Ja, Jan, ujrzałem: a oto wielki tłum, którego nie mógł nikt policzyć, z każdego narodu i wszystkich pokoleń, ludów i języków, stojący przed tronem i przed Barankiem. Odziani są w białe szaty, a w ręku ich palmy.

Apokalipsa 7, 9

 

Miłość Boga jest Jego najważniejszą cechą i źródłem Nadziei

Jedno z katolickich czasopism zamieściło na swoich łamach następującą historię: 

Oto ojciec rodziny, któremu niedawno zmarła żona, płynie pasażerskim statkiem do Europy wraz ze swoją siedmioletnią córką. Dziecko wciąż nieutulone w żalu po stracie ukochanej matki rozpoczyna z ojcem rozmowę.  

—Tatusiu, pamiętasz, kiedy mamusia umarła i tak strasznie płakałam, wtedy pocieszałeś mnie mówiąc, że Bóg nas nie opuści, bo bardzo nas kocha. Tatusiu, powiedz mi, czy to jest prawda?  

—Tak, kochanie. Bóg kocha każdego z nas bardziej niż ktokolwiek inny —odpowiedział ojciec. 

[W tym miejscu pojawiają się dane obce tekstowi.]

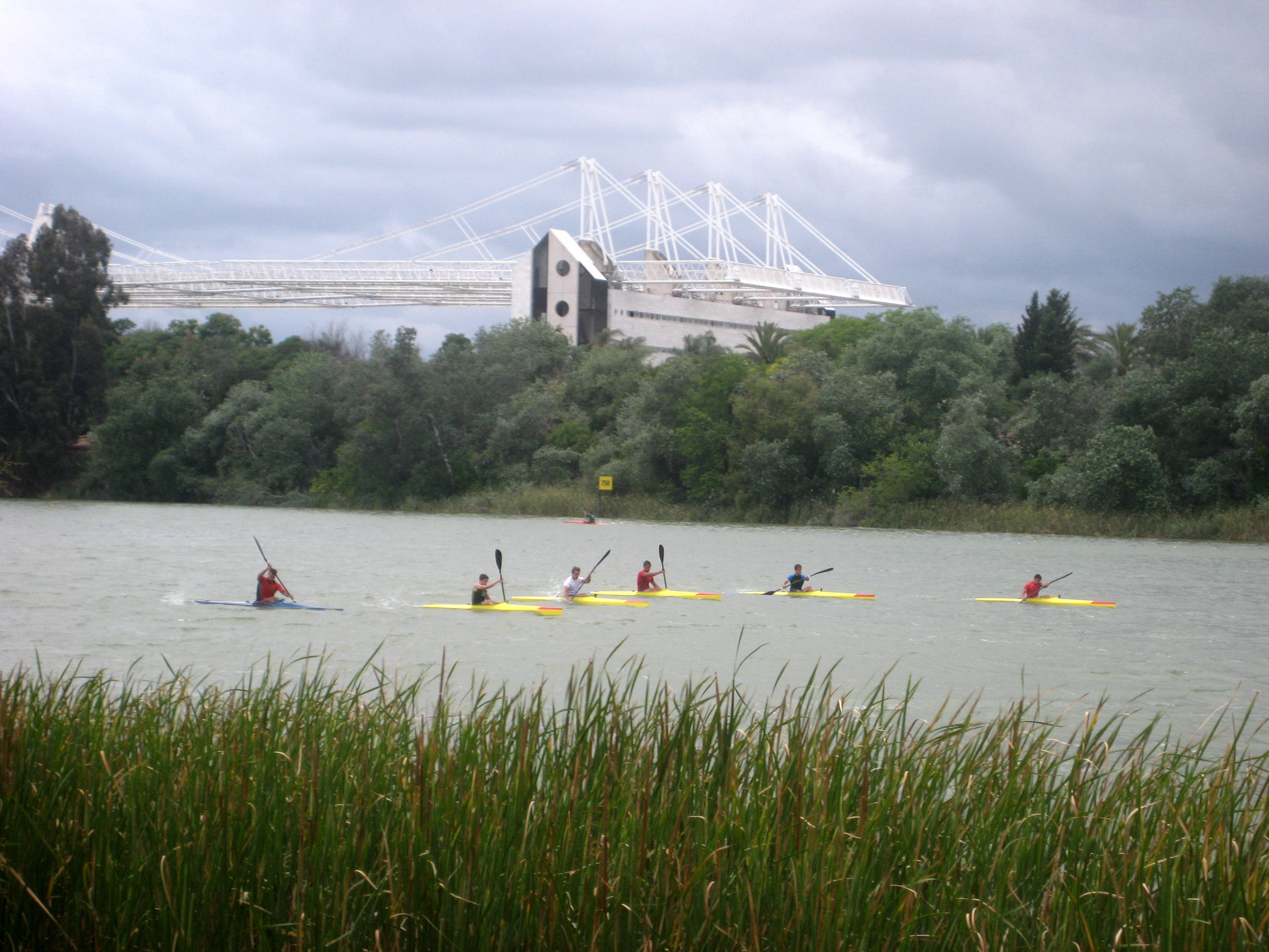 Gente haciendo piragüismo o montando en piragua en el río Guadalquivir a su paso por Sevilla.

—Tatusiu, a czy Bóg kocha nas tak bardzo, jak kochała nas mamusia? 

—Tak —odpowiedział ojciec. 

Potem podniósł swą dłoń i pokazując dziecku bezkresną wielkość oceanu powiedział: 

—Popatrz w tym kierunku. Boża miłość sięga dalej niż to, co możesz dosięgnąć swoim wzrokiem. 

Wskazując w przeciwnym kierunku, ponad tysiącami mil oceanu powiedział: 

—Popatrz w innym kierunku. Boża miłość jest jeszcze większa niż to, co widzisz. 

Wskazując w górę na niebo powiedział: 

—Boża miłość jest jeszcze wyższa. 

I wskazując na głębię oceanu powiedział: 

—Boża miłość jest jeszcze głębsza. 

Mrużąc powieki, aby zatrzymać łzy, dziecko przytuliło się do ojca mówiąc: 

—Tatusiu, czy nie jest to cudowne, że my znajdujemy się pośrodku tej wielkiej Bożej miłości?